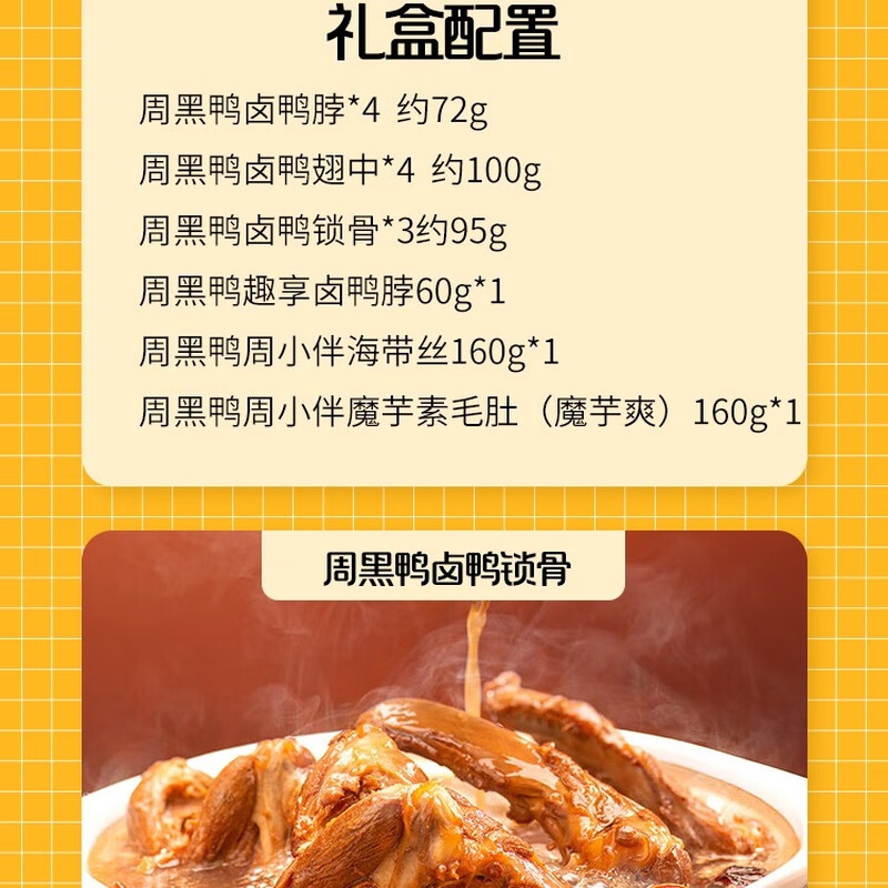 配置:周黑鸭卤鸭脖*4 约72g 周黑鸭卤鸭翅中*4 约100g 周黑鸭卤鸭锁骨*3约95g 周黑鸭趣享卤鸭脖60g*1 周黑鸭周小伴海带丝160g*1 周黑鸭周小伴魔芋素毛肚(魔芋爽)160g*1
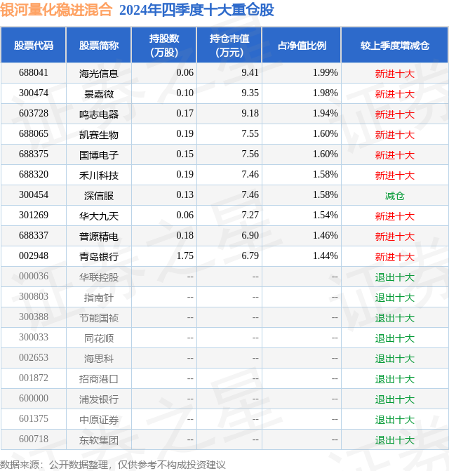 从基金规模来看,银河量化稳进混合基金2024年四季度公布的基金规模为0.05亿元,较上一期规模565.91万元变化了-93.91万元,环比变化了-16.59%。该基金最新一期资产配置为:股票占净值比70.53%,无债券类资产,现金占净值比30.46%。从基金持仓来看,该基金当季前十大股票仓位达16.71%,第一大重仓股为海光信息(688041),持仓占比为1.99%。
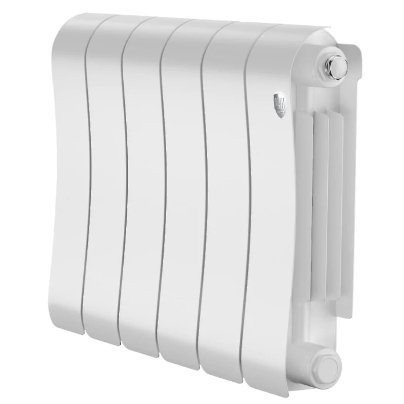 Радиатор биметаллический Royal Thermo , 6 секций - эксклюзивный биметаллический дизайн-радиатор для любых систем отопления с боковым подключением.Преимущества Применение полностью стального закладного элемента, выполненного из углеродистой стали марки 20, которая отличается повышенной коррозионной стойкостью и эксплуатационной надежностью. Гарантирует надежную работу в системах, подверженных гидроударам и с химически агрессивными теплоносителями (в том числе антифризами) Нанесение экологически чистых нано-красок AkzoNobel (Нидерланды) и FreiLacke (Германия) в семь этапов гарантирует стойкость к механическим повреждениям и обеспечивает долговечность покрытия радиатора в помещениях с повышенной влажностью Три цвета Bianco Traffico, Silver Satin и Noir Sable дизайнерской палитры FUTURA AKZONOBEL (Нидерланды) позволяют создать абсолютно уникальный радиатор

▶ The problem:
Output the full listing verbatim, but drop the images.

▶ Task answer:
 配置:周黑鸭卤鸭脖*4 约72g 周黑鸭卤鸭翅中*4 约100g 周黑鸭卤鸭锁骨*3约95g 周黑鸭趣享卤鸭脖60g*1 周黑鸭周小伴海带丝160g*1 周黑鸭周小伴魔芋素毛肚(魔芋爽)160g*1
 从基金规模来看,银河量化稳进混合基金2024年四季度公布的基金规模为0.05亿元,较上一期规模565.91万元变化了-93.91万元,环比变化了-16.59%。该基金最新一期资产配置为:股票占净值比70.53%,无债券类资产,现金占净值比30.46%。从基金持仓来看,该基金当季前十大股票仓位达16.71%,第一大重仓股为海光信息(688041),持仓占比为1.99%。
 Радиатор биметаллический Royal Thermo , 6 секций - эксклюзивный биметаллический дизайн-радиатор для любых систем отопления с боковым подключением.Преимущества Применение полностью стального закладного элемента, выполненного из углеродистой стали марки 20, которая отличается повышенной коррозионной стойкостью и эксплуатационной надежностью. Гарантирует надежную работу в системах, подверженных гидроударам и с химически агрессивными теплоносителями (в том числе антифризами) Нанесение экологически чистых нано-красок AkzoNobel (Нидерланды) и FreiLacke (Германия) в семь этапов гарантирует стойкость к механическим повреждениям и обеспечивает долговечность покрытия радиатора в помещениях с повышенной влажностью Три цвета Bianco Traffico, Silver Satin и Noir Sable дизайнерской палитры FUTURA AKZONOBEL (Нидерланды) позволяют создать абсолютно уникальный радиатор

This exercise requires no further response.